===== Input data

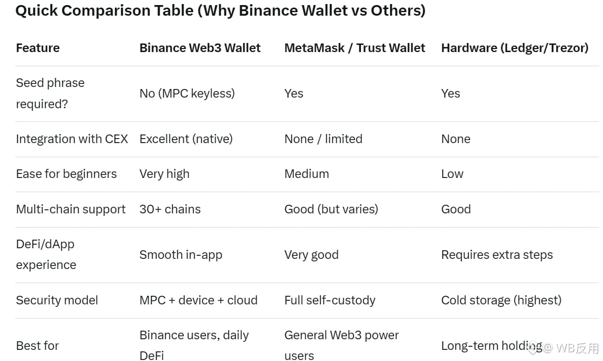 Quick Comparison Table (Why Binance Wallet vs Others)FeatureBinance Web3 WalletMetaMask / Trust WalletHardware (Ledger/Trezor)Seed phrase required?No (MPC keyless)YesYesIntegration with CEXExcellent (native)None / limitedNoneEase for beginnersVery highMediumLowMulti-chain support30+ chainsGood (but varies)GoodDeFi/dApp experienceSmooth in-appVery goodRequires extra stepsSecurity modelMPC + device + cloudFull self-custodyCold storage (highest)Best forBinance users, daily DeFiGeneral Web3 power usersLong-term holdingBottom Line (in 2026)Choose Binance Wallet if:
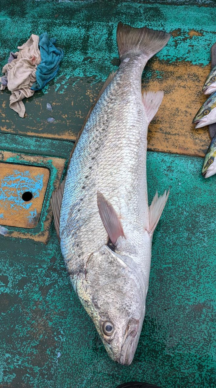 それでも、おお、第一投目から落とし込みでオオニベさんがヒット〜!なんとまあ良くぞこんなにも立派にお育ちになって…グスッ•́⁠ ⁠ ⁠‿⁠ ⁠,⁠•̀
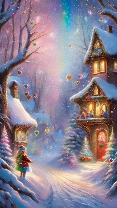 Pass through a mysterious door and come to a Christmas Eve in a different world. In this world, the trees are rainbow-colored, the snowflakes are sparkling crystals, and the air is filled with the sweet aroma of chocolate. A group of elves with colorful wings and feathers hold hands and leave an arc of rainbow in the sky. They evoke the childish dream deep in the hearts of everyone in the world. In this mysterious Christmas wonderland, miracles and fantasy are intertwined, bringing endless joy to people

==========

■ **Description of the task**: Could you set down the material above word for word while dropping its pictures?

■ **Exercise response**:
 Quick Comparison Table (Why Binance Wallet vs Others)FeatureBinance Web3 WalletMetaMask / Trust WalletHardware (Ledger/Trezor)Seed phrase required?No (MPC keyless)YesYesIntegration with CEXExcellent (native)None / limitedNoneEase for beginnersVery highMediumLowMulti-chain support30+ chainsGood (but varies)GoodDeFi/dApp experienceSmooth in-appVery goodRequires extra stepsSecurity modelMPC + device + cloudFull self-custodyCold storage (highest)Best forBinance users, daily DeFiGeneral Web3 power usersLong-term holdingBottom Line (in 2026)Choose Binance Wallet if:
 それでも、おお、第一投目から落とし込みでオオニベさんがヒット〜!なんとまあ良くぞこんなにも立派にお育ちになって…グスッ•́⁠ ⁠ ⁠‿⁠ ⁠,⁠•̀
 Pass through a mysterious door and come to a Christmas Eve in a different world. In this world, the trees are rainbow-colored, the snowflakes are sparkling crystals, and the air is filled with the sweet aroma of chocolate. A group of elves with colorful wings and feathers hold hands and leave an arc of rainbow in the sky. They evoke the childish dream deep in the hearts of everyone in the world. In this mysterious Christmas wonderland, miracles and fantasy are intertwined, bringing endless joy to people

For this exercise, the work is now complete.